Held: The claim was dismissed.

(1) The prohibition of discrimination under article 14 raised four questions, although they were not rigidly compartmentalised and had to be looked at holistically, namely: (i) whether the circumstances fell within the ambit of one or more Convention rights, (ii) whether there had been a difference of treatment between two persons who were in an analogous situation, (iii) whether the difference of treatment was on the ground of one of the characteristics listed or “other status”, and (iv) whether there was an objective justification for that difference in treatment. Because this was a claim for possession of the property which the defendant had occupied as his home for some years, it fell within the ambit of article 8 of the Convention: Re McLaughlin [2018] UKSC 48 applied.

(2) Whether one person was in an analogous situation to another could only be considered in light of the relevant statutory scheme. The position of a qualifying family member following the death of a widowed tenant under a secure tenancy was arguably analogous to the position of a qualifying family member following the death of a divorced tenant. The proscribed grounds in article 14 could not be unlimited but a liberal or generous approach to determining status for purposes of discerning the scope of article 14 was appropriate. Whether a person was widowed or divorced was capable of being a personal characteristic or status for purposes of article 14. Whether a person was a child of someone who was widowed or a child of someone who was divorced was more peripheral or debatable as a personal characteristic for article 14 purposes but it was capable of being so in appropriate circumstances. It was not the status of a person (C) as the child of a widow or the child of a divorcee that determined whether he could succeed as a secure tenant. It was the legal mechanism by which the person from whom he would succeed (P) acquired the secure tenancy that determined whether the one succession rule was engaged. If P acquired the secure tenancy upon the death of a joint secure tenant, then P was a successor under section 88(1) and C could not succeed to the secure tenancy. If P acquired the secure tenancy upon a judicial assignment under one of the statutory provisions referred to in section 88(2), then P was not a successor and C could succeed to the secure tenancy: R (on the application of Gangera) v Hounslow London Borough Council [2003] HLR 68 applied.

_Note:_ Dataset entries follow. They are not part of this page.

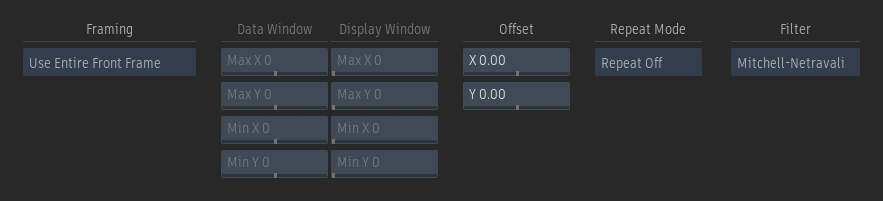 Use Entire Front Frame | Sample pixels from the first pixel at the bottom left of the Front clip (0,0) to the last pixel at the top-right (1,1). This mode should be used when: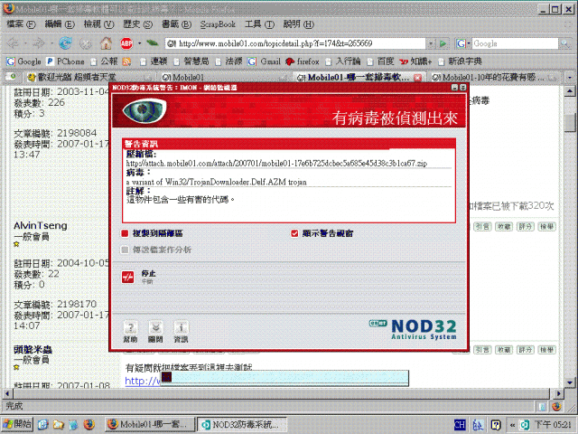keiichilee wrote:老頭使用的是NOD3...(恕刪) 嘿嘿。。昨天下載NOD32試用版,感覺畫面真是很[陽春〕,不過RUN了一天,對於我的系統沒什麼托慢,再加上裝了他之後,又掃出10多隻病毒==" 所以今天就線上刷卡買了一套啦~~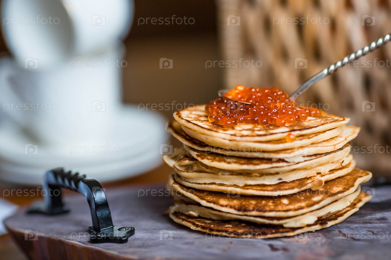 Вкусные блинчики с красной икрой. Русская и украинская кухня. Концепция русского праздника Масленица

(3) Sections 87 and 88 of the Housing Act 1985 were concerned with a local authority’s ability to manage and distribute its social housing stock fairly. That clearly came within the scope of “general measures of economic or social strategy” for which a wide margin of appreciation was usually allowed to the state. The proper test to apply in considering the compatibility of the scheme for succession set out in sections 87 to 88, and specifically the differential treatment of succession via death versus obtaining a sole tenancy via judicial assignment in the context of divorce, was whether it was “manifestly without reasonable foundation”. The absence of evidence of a specific contemporaneous parliamentary justification for section 88(2) of the 1985 Act, or its predecessor in section 31 of the Housing Act 1980, was not fatal. Section 88(2) was a provision of primary legislation that clearly and deliberately created an exception to the rule under section 88(1)(d) that a person who became a tenant on the tenancy being assigned to him was a successor. Section 88(2) had a rational and legitimate purpose and was therefore neither arbitrary nor capricious. It could not be said to be manifestly without reasonable foundation.

Sam Phillips (instructed by London Borough of Haringey Legal Services) appeared for the claimant; Toby Vanhegan and Hannah Gardiner (instructed by Burke Niazi Solicitors) appeared for the defendant; Ben Lask (instructed by the Treasury Solicitor) appeared for the interested party.